Almost a year after buying a drone company, the seller of license plate readers and public safety tech wants to sell drones to retailers, hospitals and other operations. It’s not the first company to make such a move.

A drone flying above trees with a city's skyline off in the distance.
Flock Safety
Flock Safety, which sells license plate readers, video cameras and other public safety hardware and software, is branching out to retail, health care, logistics and other sectors — and doing so through drones.

The government technology supplier joins Axon in positioning its law enforcement products for a new area.
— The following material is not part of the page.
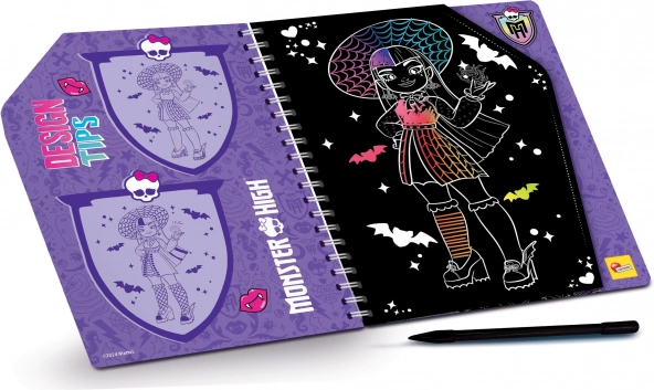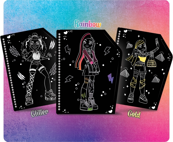 Odkrijte zabaven način risanja in okraševanja s praskalnim skicirjem Monster High. Dovolj je, da rahlo postrgate črno površino in razkrijete osupljive barvne učinke, ki bodo vašim stvaritvam dodali edinstven slog.

In Axon’s case, it launched a line of body cameras for security in stores and health-care facilities.

For Flock, its new offering — labeled Flock Aerodome Drone as Automated Security, or DAS — “gives private sector security teams rapid aerial visibility and broader coverage across expansive facilities at the tap of a button,” according to a statement from the company.

“Security leaders are being asked to protect more with less across bigger footprints, tighter budgets and real staffing constraints,” said Rahul Sidhu, VP of aviation at Flock Safety, in the statement. “Flock Aerodome DAS gives them a ‘guard in the sky,’ putting eyes on the scene in seconds and turning blind alarms into informed action.”

Large stores and malls, warehouses, business parks, factories, rail yards and hospitals — those are among the main potential users of the new drones, according to Flock, which says those machines can spot problems missed by fixed cameras and human guards.

It’s a philosophy roughly similar to some of the ideas driving drone adaption by police departments — that is, extra eyes that can range widely while providing real-time data, quickening response times and enhancing safety.

Flock bought the Aerodome drone company almost a year ago.

Since then, the company has attracted criticism over data sharing and collection, and taken heat — along with other companies — for its role its technology plays in ongoing immigration roundups.

Flock said that one of the reasons behind this expansion is that federal regulators “are clearing the way for American-made, automated drones.”

The new drones can automatically deploy within 90 seconds of a tripped alarm or sensor, and can cut response times by up to 71 percent, according to the company’s sales pitch. The drones can cover 38 square miles and have 45 minutes of flight time.

The company recently launched its Flock Business Network to help private companies boost their security via “joint investigations” and “pooled resources,” along with Flock technology.